Enigma Labs, a tech startup registered in Delaware, seeks to help facilitate investigations into unknown aerial phenomena by creating a repository of UFO sighting reports.
According to Bloomberg, such a repository would allow to crowdsource, catalog, and evaluate suspected UFO incidents, and to expose hoaxes, essentially allowing to separate the proverbial wheat from chaff.
“The internet is full of nonsense and it’s very hard to get good information,” Enigma Labs founder Alex Smith said, as quoted by the media outlet.
By implementing tools such as artificial intelligence and “every cutting-edge technology,” as Smith put it, Enigma will screen and verify suspected UFO sightings, using a veracity score system to rate them.
“Anything that is identifiable — we use our technology to screen that out,” Smith said. “We can be rational about what people are seeing and focus on those 1-5% that aren’t as identifiable.”

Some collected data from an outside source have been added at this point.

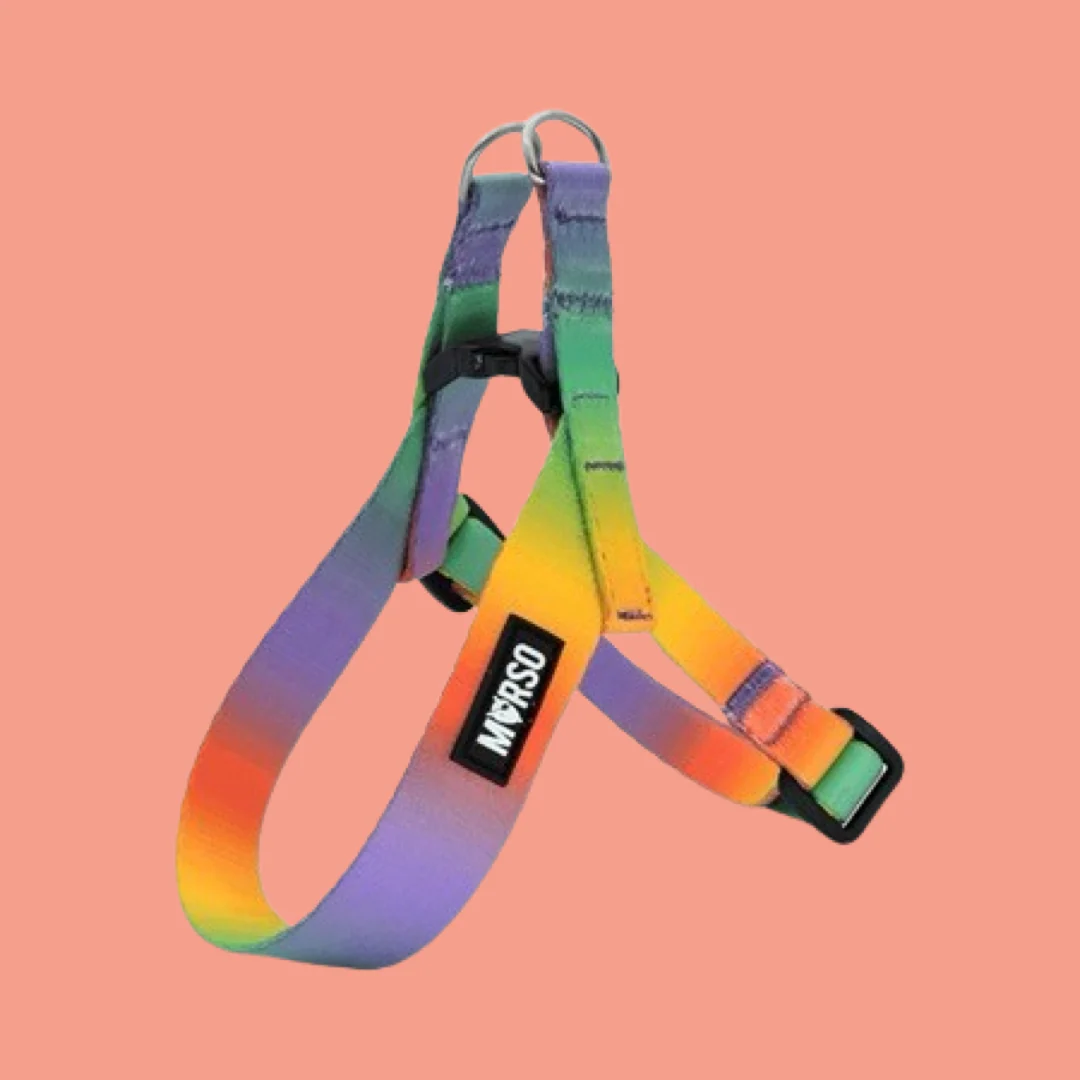 Stel u voor: uw hondje dartelend in het park, stralend in dit kleurrijke, bijna poëtische tuigje. De regenboogkleuren vangen de blik, terwijl het ‘ombre’-patroon een vleugje elegantie toevoegt aan elke wandeling. Het is niet zomaar een tuigje; het is een statement van vreugde en zorg. En toch, het is zo praktisch, zo alledaags, dat het naadloos past in elk avontuur. Wat wilt u nog meer?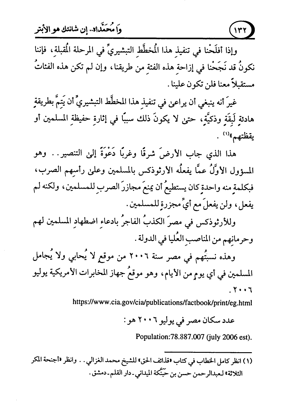 (¬1) انظر كامل الخطاب في كتاب "قذائف الحق" للشيخ محمد الغزالي .. وانظر "أجنحة المكر الثلاثة" لعبد الرحمن حسن بن حَبنكَة الميداني -دار القلم- دمشق.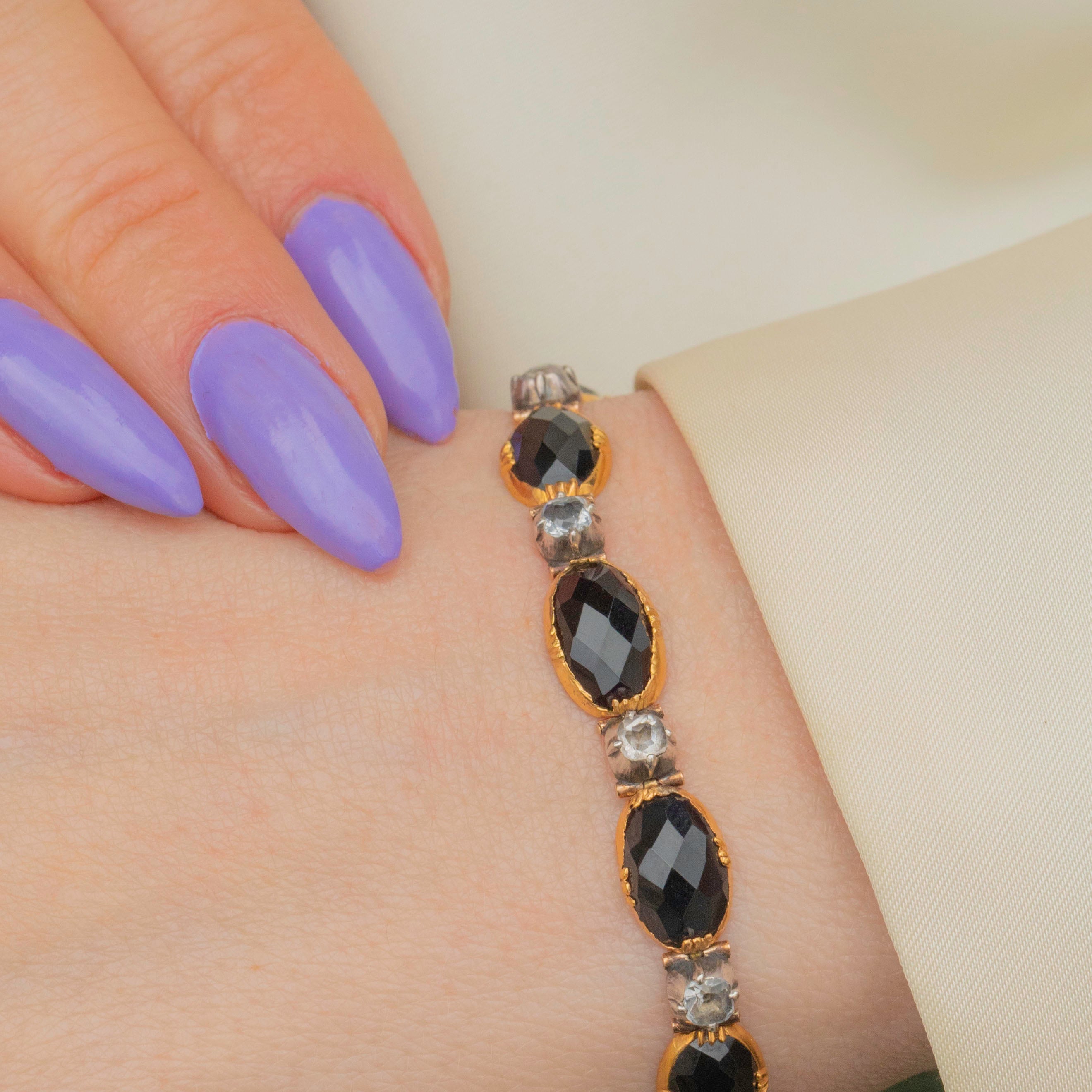 This Georgian 18ct Gold French Jet bracelet will look resplendent adorning your wrist! The combination of alternating ink-black Jet and bright white Paste makes for an elegant pairing, their crisp-cut facets catching the light magnificently.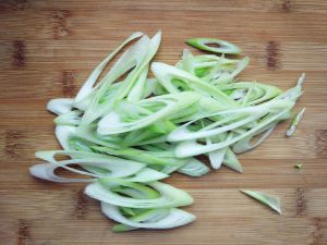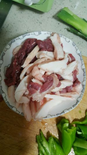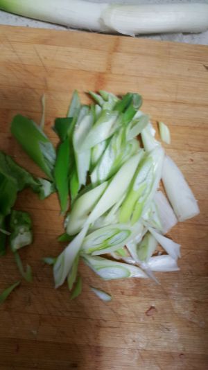 先将切成片的鲜羊肉用老抽料酒和淀粉腌制十五分钟,大葱切斜段备用
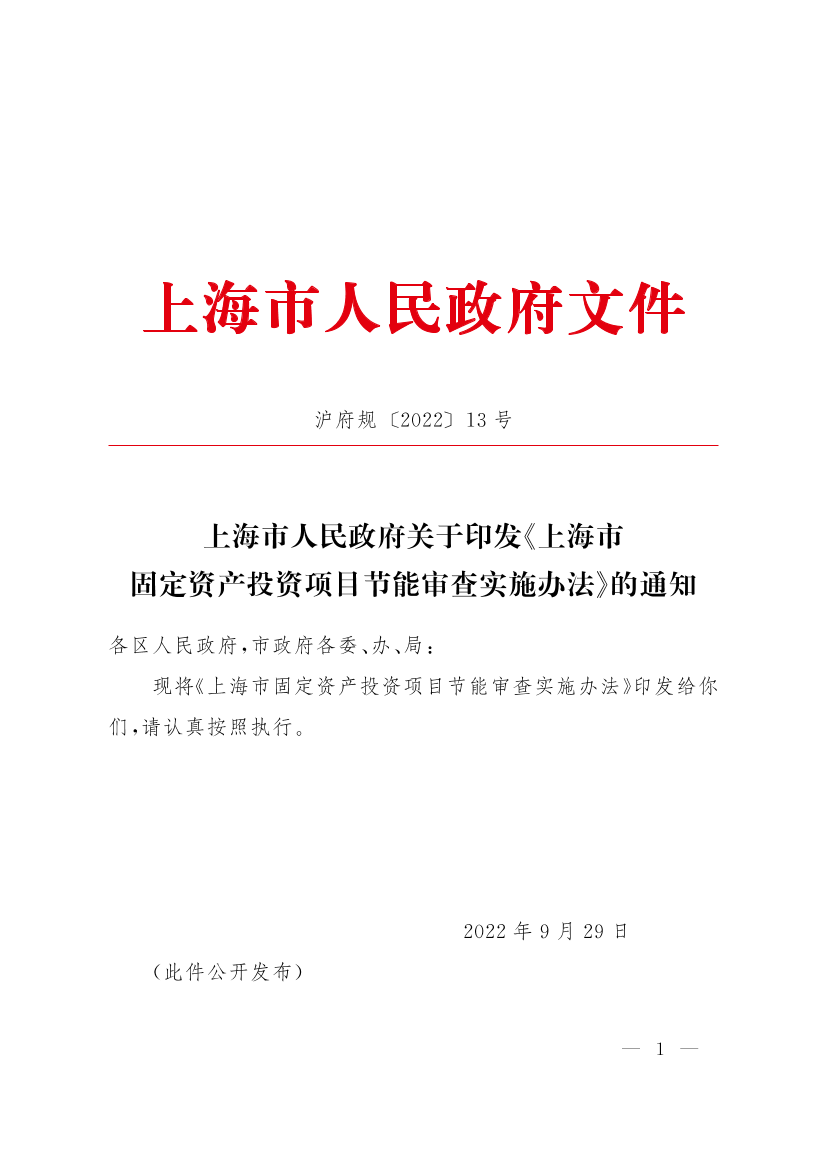 上海市人民政府关于印发《上海市固定资产投资项目节能审查实施办法》的通知
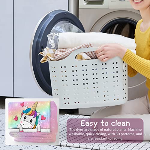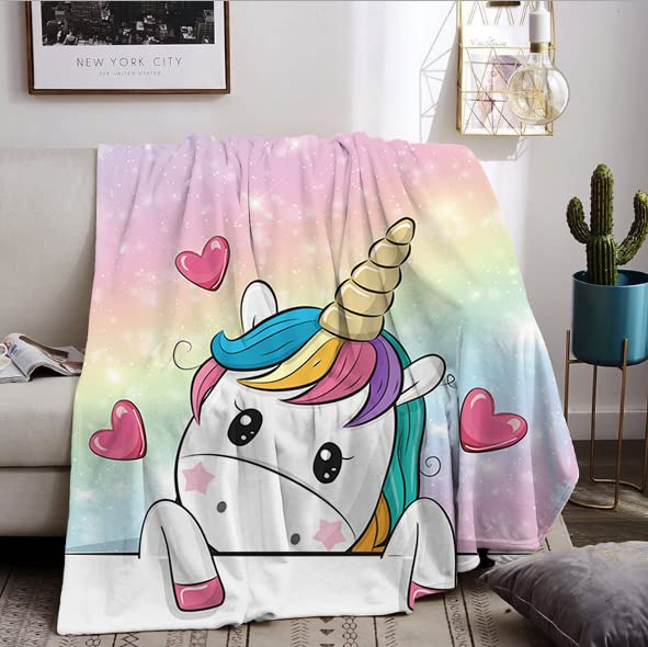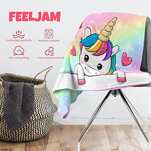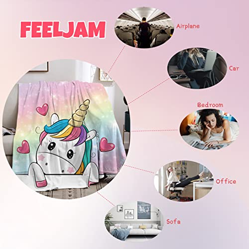 FEELJAM Einhorn Decke kuscheldecke pinkes, Flanell Weich Fleecedecke für Mädchen Flannel Blanket, Kinder kuscheldecke, Sofadecke, Wohndecke mikrofaser (Regenbogen, 150 * 200)

The startup’s chief technology officer reportedly said that they have already initiated a private beta test of the project, and that they intend to launch a public iPhone app in the fall.
Harvard University astronomer Avi Loeb, however, reportedly suggested that obtaining high-resolution images may be somewhat problematic for Enigma, since even if one has “a million cellphone images, they will always be blurry, because the cameras are not great.”
“The cameras cannot resolve an object at a distance of mile and that’s why you need telescopes,” he remarked.